No doctor can give an accurate prognosis of the course and results of PE. It all depends on the type of pathology and the complexity of its course. For example, the idiopathic variant is characterized by the absence of cognitive impairment. Very often, the pathology resolves spontaneously, so it is almost impossible to predict the outcome.

Symptomatic is due to the influence of the pathological focus on the patient’s body. The prognosis is unfavorable for the development of tumors; in children, this form entails a delay in mental development. As a rule, without appropriate treatment, this form of the disease progresses extremely rapidly.

According to experts, in more than 70% of cases of disease manifestations after surgery, a sharp improvement in the patient’s condition is observed. Subsequently, complete relief from the disease is noted in 30% of cases.

Types of partial seizures

As described earlier, several options for the development of this type of disease are possible. Let's take a closer look at each of them:

• The temporal one occupies the position of the most common type, accounting for 50-60% of all cases associated with distortion of neural connections.
• Frontal is the second most common manifestation; in approximately 25% of cases the disease is associated with this pathology.
• Occipital appears quite rarely, in no more than 10% of patients.
• Parietal almost never occurs and has a probability of occurrence of less than 1%.
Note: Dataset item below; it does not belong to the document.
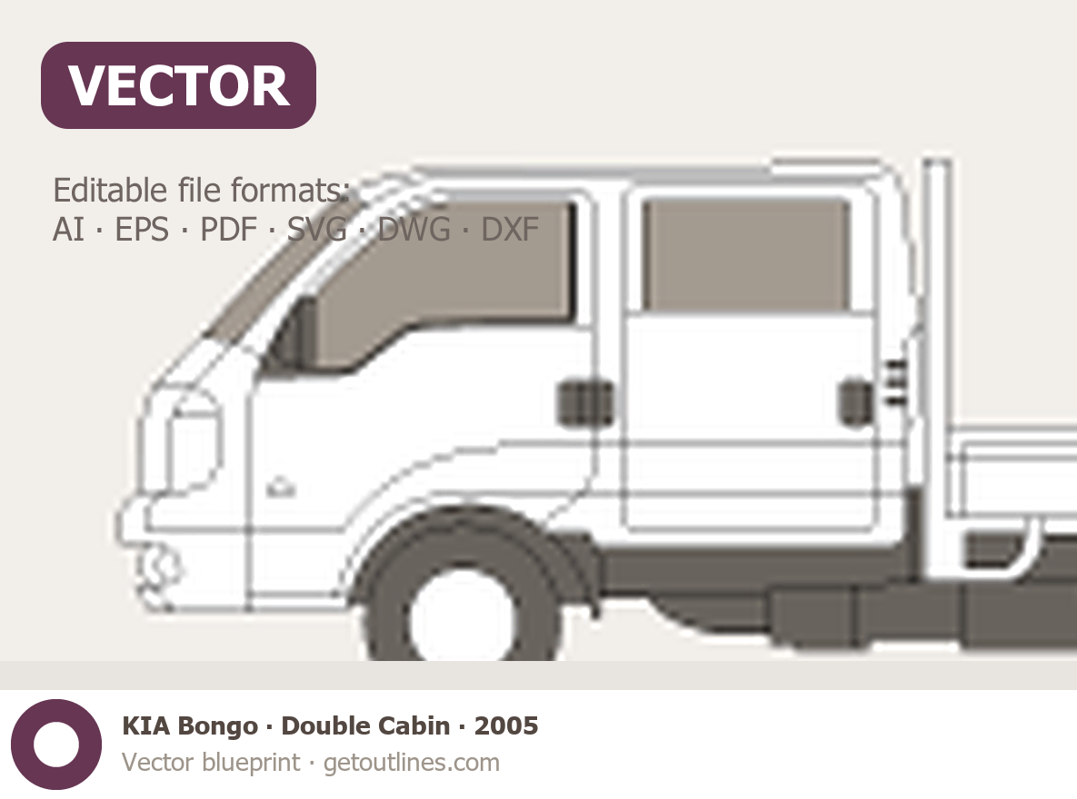This 2005 KIA Bongo Double Cabin Pickup Truck blueprint helps designers, wrap studios, and 3D artists simplify their workflow and save valuable time for creative work instead of routine tasks.

The localization of the lesion is determined using an EEG (electroencephalogram). Most often, diagnosis is carried out while the patient is at rest, but the most accurate results can be obtained only during an attack. To create such a situation, with the consent of the patient, special means are used.

In addition to classification according to local criteria, there is also a system of differences based on severity. The following forms are distinguished:

• Simple - not accompanied by a distortion of consciousness, manifestations are variable and determined by the region.
• Complex - simple seizures with simultaneous impairment of consciousness.
• Secondary generalized (convulsive) - develops from simple and complex seizures, accompanied by convulsions.